Data Science Concepts

  • hash function: any function that can be used to map data of arbitrary size to data of fixed size. One use is a data structure called a hash table, widely used in computer software for rapid data lookup. Hash functions accelerate table or database lookup by detecting duplicated records in a large file.
  • O(n): big O notation is used to classify algorithms according to how their running time or space requirements grow as the input size grows. In analytic number theory, big O notation is often used to express a bound on the difference between an arithmetical function and a better understood approximation.
  • Model Selection Techniques:
    • Probabilistic Measures: Scoring by performance and complexity of model.
    • Resampling Methods: Splitting in sub-train and sub-test datasets and scoring by mean values of repeated runs.

Techniques:

  • Resampling:
    • Estimating the precision of sample statistics (medians, variances, percentiles) by using subsets of available data (jackknifing) or drawing randomly with replacement from a set of data points (bootstrapping)
    • Exchanging labels on data points when performing significance tests (permutation tests, also called exact tests, randomization tests, or re-randomization tests)
    • Validating models by using random subsets (bootstrapping, cross-validation)
  • Shrinkage
    • In relation to the general observation that, in regression analysis, a fitted relationship appears to perform less well on a new data set than on the data set used for fitting.

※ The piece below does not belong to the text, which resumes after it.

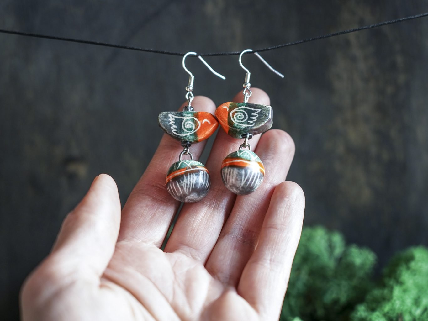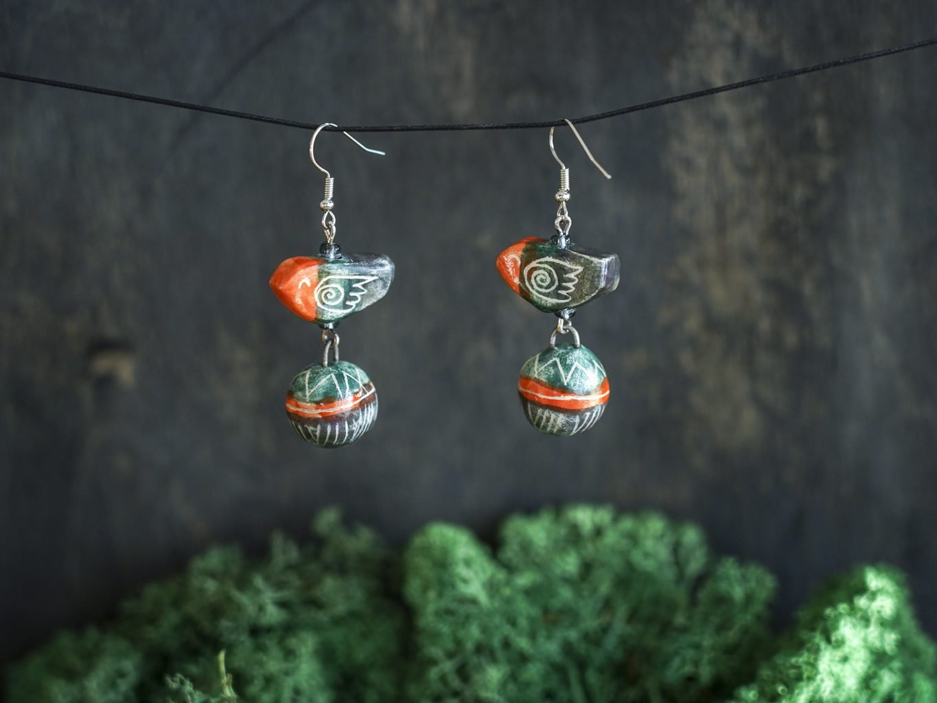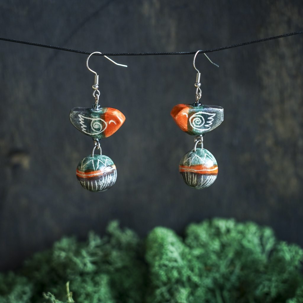 Papuošalai pagaminti iš keramikos. Iš molio nulipdytos formos išdegamos 1000 laipsnių temperatūroje, tada išpaišomos rankomis, padengiamos bespalve glazūra ir išdegamos antrąkart. Auskarų kabliukai pagaminti iš nerūdijančio plieno.
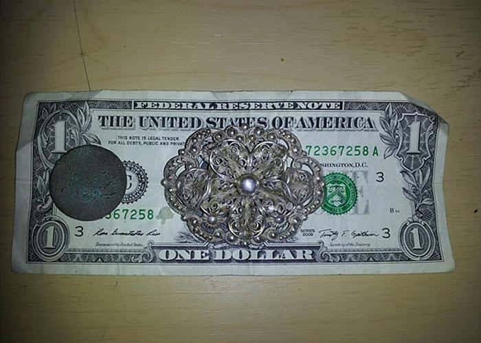 <p>I kept on searching for a while when I had a huge hit at about 8 inches. After digging down past 8 inches I was discouraged but the machine was telling me there was defiantly something in the hole. At 12” I saw the sweet glint of silver, dug around it and pulled the beautiful silver brooch out! All I can say is hands Whites makes the best detectors for all applications!</p>

In particular the value of the coefficient of determination ‘shrinks’.
    • To describe general types of estimators, or the effects of some types of estimation, whereby a naive or raw estimate is improved by combining it with other information (see shrinkage estimator).
  • Dimension Reduction(Dimensionality Reduction): the process of reducing the number of random variables under consideration by obtaining a set of principal variables.
  • Data Augmentation: a technique used to increase the amount of data by generating data using transformations such as rotation, scaling, or flipping to existing data.
  • Artifact: Artifact refers to an intermediate result in the data science development process. In the data science workflow, an artifact can be a model, a chart, a statistic, a dataframe, or a Feature function.
  • Data Pipeline: A pipeline refers to a series of steps that transform data into useful information/product and is often automated.